Крупная капля попадает ему на лоб, за ней вторая и третья. Он смотрит вверх и уводит Валю в сторону, под нависшую глыбу ракушечника.

— Вот тут, пожалуй, не намочит, — говорит он и неумело гладит в темноте ее влажные, спутавшиеся волосы.

А наверху, у парапета, все уже пусто. Только адмирал, придерживая рукой низко надвинутую шляпу, стоит, опершись на палку, и, щурясь от сильного ветра, долго вглядывается в ныряющую, едва уже видную цепочку зеленых и красных огней.

1954

БОЦМАН

1

Никто не мог бы сказать, по какой именно причине Яшку Ошлепина называли боцманом. Быть может, виной этому был флотский бушлат с разнокалиберными пуговицами, в котором Яшка ходил всегда и который он сам называл «семисезоном». А может быть, тут сыграли роль кривые ноги, придававшие его походке морской оттенок. Так или иначе, его подлинное имя или фамилия упоминались лишь в сугубо официальных случаях, а в обыденной жизни Яшка был «боцманом», хотя флота и не нюхал, а с младых ногтей состоял при театре.

Трудно было определить его возраст — маленькое, мятое лицо Яшки давно уже не менялось. Но когда он бывал стрижен и брит — а это случалось не слишком часто, — ему можно было дать не больше тридцати. На самом же деле Яшке исполнилось тридцать девять.

В сорок первом году, когда в театре праздновали юбилей, неожиданно выяснилось, что самый старый работник театра именно Яшка. За двадцать лет здесь сменилось множество директоров и режиссеров; приходили, уходили, старились и умирали актеры; даже капельдинеры, самые постоянные, не подверженные театральным бурям и передрягам люди, успели перемениться, — один только Яшка всегда был здесь.

На юбилейном вечере директор сказал прочувствованные слова о незаметных тружениках, которых никогда не видит зритель, а председатель месткома вручил Яшке почетную грамоту. Всю торжественную часть Яшка просидел в президиуме рядом со старейшими актерами; он был гладко выбрит и подстрижен «под бокс», так что затылок у него был значительно светлее, чем красная шея. Выйдя в перерыве за кулисы, он ткнул свернутую трубкой грамоту в карман бушлата и сердито сказал:

— Очень мне надо это паскудство!

Но на следующий день Яшка зашел в поделочный цех и смастерил аккуратную буковую рамочку размером тридцать на сорок сантиметров, а затем выпросил у реквизитора Адамовича, именовавшегося в театре «Плюшкиным», кусок стекла.

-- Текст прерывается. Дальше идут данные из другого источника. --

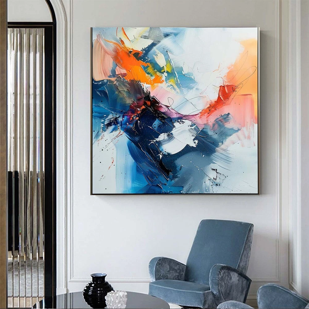 blue Living Room Abstract oil Painting on Canvas Art Hand Painted Thick Texture

Плюшкин долго артачился, прежде чем повел боцмана в свои владения, сплошь уставленные и увешанные всякой всячиной — картонными вазами с ярко размалеванными фруктами, рапирами и средневековыми мечами, точеными деревянными бокалами, букетами бумажных цветов и прочим театральным добром.

— Так зачем же тебе стекло? — в десятый раз рассеянно спросил Плюшкин, надевая принесенный с собой рыцарский шлем на стоявший у двери деревянный пулемет системы «Максим».

— Да я же говорил вам, Осип Адамыч, — сказал боцман, теряя терпение, — надо мне одно паскудство в рамку завести.

Плюшкин вздохнул, пошарил на полках, приподнял за ноги жареную картонную курицу и вытащил из-под нее пыльный кусок стекла.

— На, держи, — сказал он боцману, не пытаясь добиться более вразумительного ответа. Как и многие другие в театре, Плюшкин привык к тому, что боцман все на свете называет паскудством.

На длинных и бестолковых ночных монтировках, остановившись посреди сцены с какой-нибудь колонной или венецианским окном на спине, боцман спрашивал, страдальчески вглядываясь в темный зрительный зал: «Ну, куда это паскудство ставить будем?»

И тогда из темного провала доносился укоризненный бас с хорошо разработанными артикуляциями и качаловскими раскатами: «Ну что вы, Ошлепин, как можно так? Какое же это паскудство, вы просто ни себя, ни нас не уважаете».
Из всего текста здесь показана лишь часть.